Cost-effectiveness of liraglutide versus rosiglitazone, both in combination with glimepiride in treatment of type 2 diabetes in the US

Abstract

Background:Many patients with type 2 diabetes mellitus (T2DM) are not able to maintain adequate HbA1c control (<7.0%), even at maximal dosage levels of one or two oral agents, and are at increased risk for diabetes-related complications.Objective:To estimate the cost-effectiveness of a once-daily GLP-1 analog Victoza [Novo Nordisk] versus a thiazolidinedione (TZD), rosiglitazone in patients with T2DM. Both treatment groups included background therapy with glimepiride.Research design and methods:The CORE Diabetes Model (CDM) was used to project and compare 35-year clinical and economic outcomes associated with liraglutide 1.2 mg + glimepiride and liraglutide 1.8 mg + glimepiride versus rosiglitazone 4 mg + glimepiride.

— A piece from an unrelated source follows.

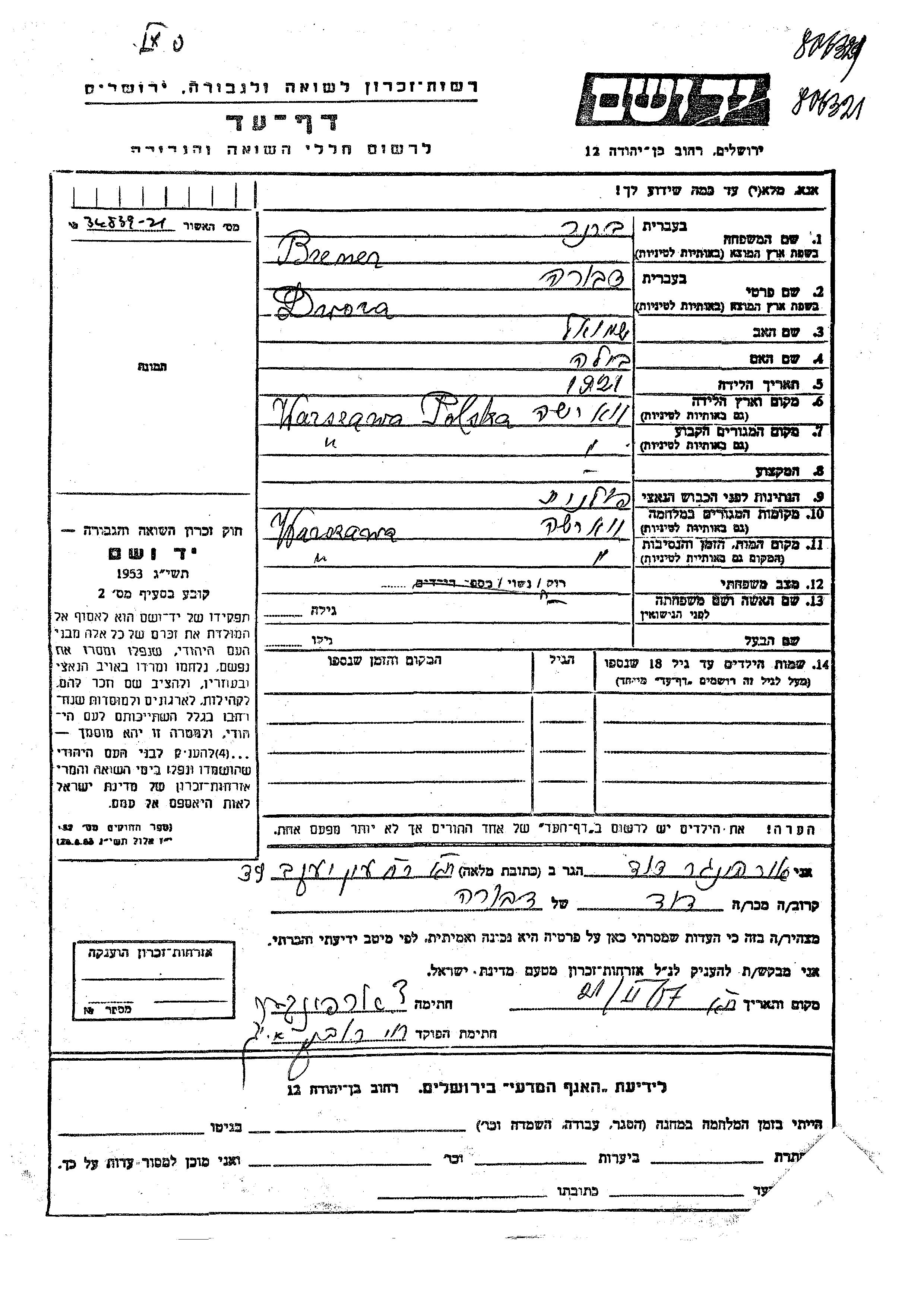 Dwora Brener wurde im Jahr 1921 in Warsaw, Polen geboren. Sie war die Tochter von Shmuel und Bila. Sie war Ledig. Vor dem Zweiten Weltkrieg lebte sie in Warsaw, Polen. Während des Krieges war sie in Warsaw, Polen.

Baseline cohort characteristics (HbA1c (8.4%), age, duration of disease, sex, body-mass index (BMI), blood pressure, and lipids) were based on the Liraglutide Effect and Action in Diabetes-1 (LEAD-1) trial.Outcomes:Primary outcomes included life expectancy (LE), quality-adjusted life-years (QALYs), total costs and incremental cost-effectiveness ratios (ICERs).Results:When compared to rosiglitazone, liraglutide 1.2 mg and 1.8 mg increased mean LE by 0.968 and 1.041 years, and QALYs by 0.764 and 0.837, respectively. Total lifetime costs increased by $26 094 for liraglutide 1.2 mg versus rosiglitazone, and by $47 041 for liraglutide 1.8 mg versus rosiglitazone. ICERs for liraglutide 1.2 mg versus rosiglitazone and 1.8 mg versus rosiglitazone were $34 147 and $56 190, respectively.Conclusions:Compared to rosiglitazone 4 mg plus glimepiride, liraglutide (particularly at the 1.2-mg dose) plus glimepiride is a cost-effective treatment option for improving glucose control in T2DM. Limitations include the projection of short term efficacy results from randomized control trials to longer time horizons. In addition, clinical acceptance and overall use of rosiglitazone in the treatment of diabetes has continued to fall since publication of the clinical trial upon which this modeling analyses was based.